This edition of the NETCO Beach Newsletter focuses on the types and uses of sand drift fencing. Be sure to take a look at Beach Notes for interesting news items.  We hope you find our newsletter enjoyable and informative and, as always, we appreciate your feedback.

 

Sand Drift Fencing-Types and Purposes

Sand drift fencing can take many forms and shapes.  It can also be made from several different

materials.  But in the end, sand drift fencing is primarily about accreting windblown sand to augment dune reconstruction and/or to increase vertical beach elevation or horizontal width of a dune.  Additional uses of sand drift fencing include the reduction of  wave and surf energy during the up-rush and back-rush of storm surf, and as a means to protect soft erosion control structures such as coir envelopes, geotubes, and other non-rock and concrete structures from damage due to storm surf carried debris.

 

The simplest and least costly type of sand drift fencing is wood and wire snow fence.  Installed in a zig zag pattern on the back side of a wide beach, wood and wire snow fence (right) is an excellent and low cost means to catch and hold sand on a coastal dune or coastal bank toe.  The photos of the fence at Charlestown Beach, RI are an example of the proper application of wood and wire snow fence.  Note that the only time wave and surf will reach this fence installation will be during a very large and intense storm, such as Hurricane Sandy (October 2012) or the nor'easter Nemo (March 2013).

 

Fortunately, before either of these storms hit, the drift fence on Charlestown Beach helped to grow the existing dune by approximately 12 -15 feet in width.  This drift fence accreted sand, with the accreted sand acting as the sacrificial sand to protect the existing dune (left).   As a result, neither Sandy nor Nemo breached the existing dune and the natural resources and the homes behind the dune, were not damaged by either storm. (The property owners were wise and quickly replaced the fence as soon as the storms passed.
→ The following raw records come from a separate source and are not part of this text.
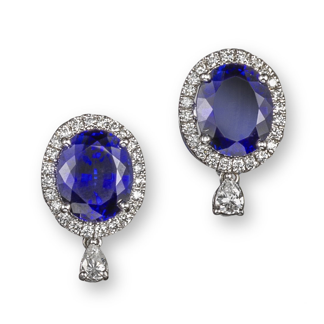 A pair of synthetic sapphire and diamond cluster ear studs, the oval-shaped synthetic sapphires are set within a surround of circular-cut diamonds, each suspending a pear-shaped diamond, in white gold, 2cm high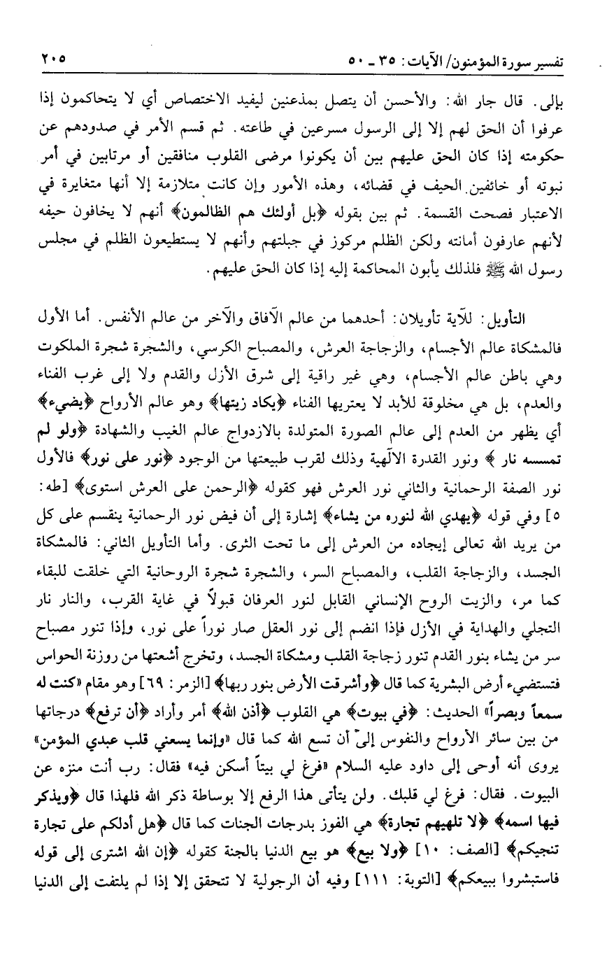 للآية تأويلان: أحدهما من عالم الآفاق والآخر من عالم الأنفس. أما الأول فالمشكاة عالم الأجسام، والزجاجة العرش، والمصباح الكرسي، والشجرة شجرة الملكوت وهي باطن عالم الأجسام، وهي غير راقية إلى شرق الأزل والقدم ولا إلى غرب الفناء والعدم، بل هي مخلوقة للأبد لا يعتريها الفناء يَكادُ زَيْتُها وهو عالم الأرواح يُضِيءُ أي يظهر من العدم إلى عالم الصورة المتولدة بالازدواج عالم الغيب والشهادة وَلَوْ لَمْ تَمْسَسْهُ نارٌ ونور القدرة الالهية وذلك لقرب طبيعتها من الوجود نُورٌ عَلى نُورٍ فالأول نور الصفة الرحمانية والثاني نور العرش فهو كقوله الرَّحْمنُ عَلَى الْعَرْشِ اسْتَوى [طه: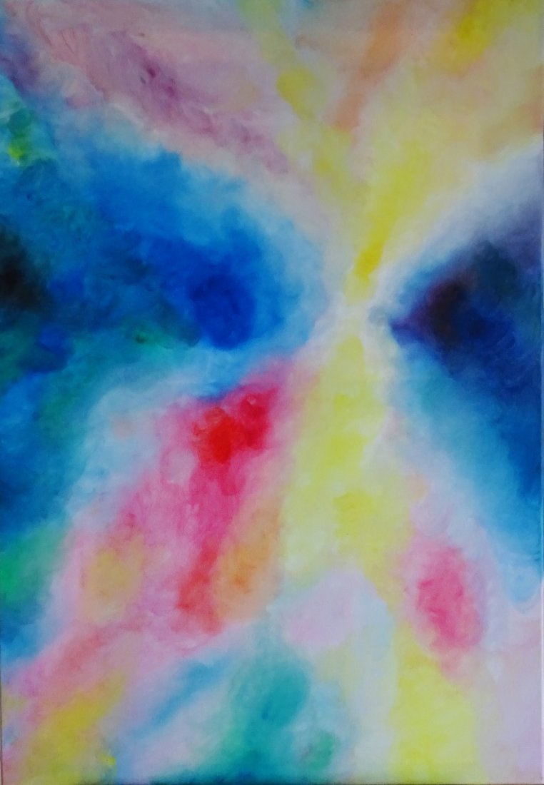 Ten obraz pulsuje jak oddech światła, jakby cała kompozycja była jednym wielkim rozbłyskiem energii rozlewającej się w różnych kierunkach. Miękkie, rozmyte przejścia barw sprawiają wrażenie, że obserwujemy narodziny czegoś ulotnego i niematerialnego — może emocji, może wspomnienia, może kosmicznego zjawiska, które dopiero nabiera kształtu.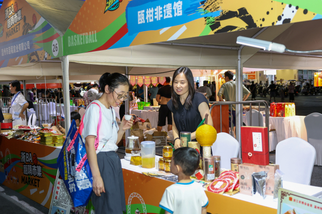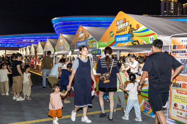近日,瓯海区奥体中心灯光璀璨,“浙BA”赛场之外美食非遗、温州土特产、瓯海特色产品等纷纷亮相,球迷更可观赛、休闲购物两不误。

The drift fencing is again working to accumulate sand.)

 

Another type of snow fence is the heavy duty sand drift fence as shown below by the drift fence installation on Cape Cod and Nantucket.  This installation consists of 8 inch diameter posts and 2 x 4 or 3 x 6 inch rails and 2 x 2 or 4 x 4 inch slats.   The open area is roughly 50% of the total space covered by the panel.   The materials of construction can be pressure treated, green oak, or plastic lumber.  The hardware is galvanized and no nails of any type are used.

 

The heavy duty construction is for applications where it is anticipated that both normal and storm surf and waves will reach the fence on a frequent basis.  As an additional reinforcement, 4 x 4 inch posts were installed at the mid span of each 10 foot panel.  This particular drift fence was installed three years ago and has had only minimal repairs even though it has experienced multiple nor'easter storms, including Sandy and Nemo.  The fence has worked well to accumulate sand and to knock down wave and surf that reach it.   Notice in the photo on the left that the sand behind the fence has been maintained at a higher elevation than the beach face seaward of the fence.

 

Sandrift fence -plastic lumber

Two recent materials that are now being used in sand drift fencing are green oak and plastic lumber.  These materials offer several advantages over standard pressure treated lumber panels.  The plastic lumber is very durable, offers greater strength and flexibility, and can be fabricated in various colors.  Green oak lumber is just that, oak lumber that is not kiln dried.   The green oak is 100% FSC natural material with no chemical treatment of any type it is a "natural" material for a natural environmental application.  While the cost of plastic lumber is greater than natural lumber, green oak is only slightly more expensive than pressure treated.  If you are considering installing a sand drift fence, we recommend green oak or plastic lumber over pressure treated material.

 

 

 

 

Beach Notes

We're teaming with the Nature Conservancy

NETCO is pleased to announce that it will be working with the Providence office of The Nature Conservancy on an erosion control research project in Rhode Island.  The project is the "Narrow River Saltmarsh Erosion Control Project."  The goal of the project is to evaluate the use of low cost, biodegradable materials in reducing erosion and enhancing saltmarsh and shellfish habitat.  The work will involve among other items the use of coir logs, coir fiber mats, and shell bags.  Also participating is the Charlestown, RI office of the U.S. Fish and Wildlife Service.    

 

A Wetlands Mitigation Bank  

The law firm of Kramer Levin Naftalis and Frankel LLP reports that the NYC Economic Development Corp. (EDC), working with the U.S. Army Corps of Engineers and the NY State Dept. of Environmental Conservation, has begun efforts to establish a wetlands mitigation bank.  Public agencies or private property owners pursuing development projects impacting wetlands in the bank service area would be able to purchase compensatory mitigation credits that would be used to create a tidal emergent marsh, mudflat and open water ecosystem at the bank site.

 

Thinking of warm weather, far away places . . . and of course coastal erosion

PreventionWeb, a project of the UN Office for Disaster Risk Reduction, reports that Indonesia plans a nature based approach to restoring its coast line on the islands of Java and Bali.  The Indonesian Ministry of Marine Affairs and Fisheries will be working with Wetlands International, and the Dutch research organization, Deltres, to tackle the erosion problems of the Indonesian coasts.    Anyone interested in going to Bali to monitor the work- other than the entire NETCO staff?

 

Beach restoration in Westerly, RI: It's not only about the beach!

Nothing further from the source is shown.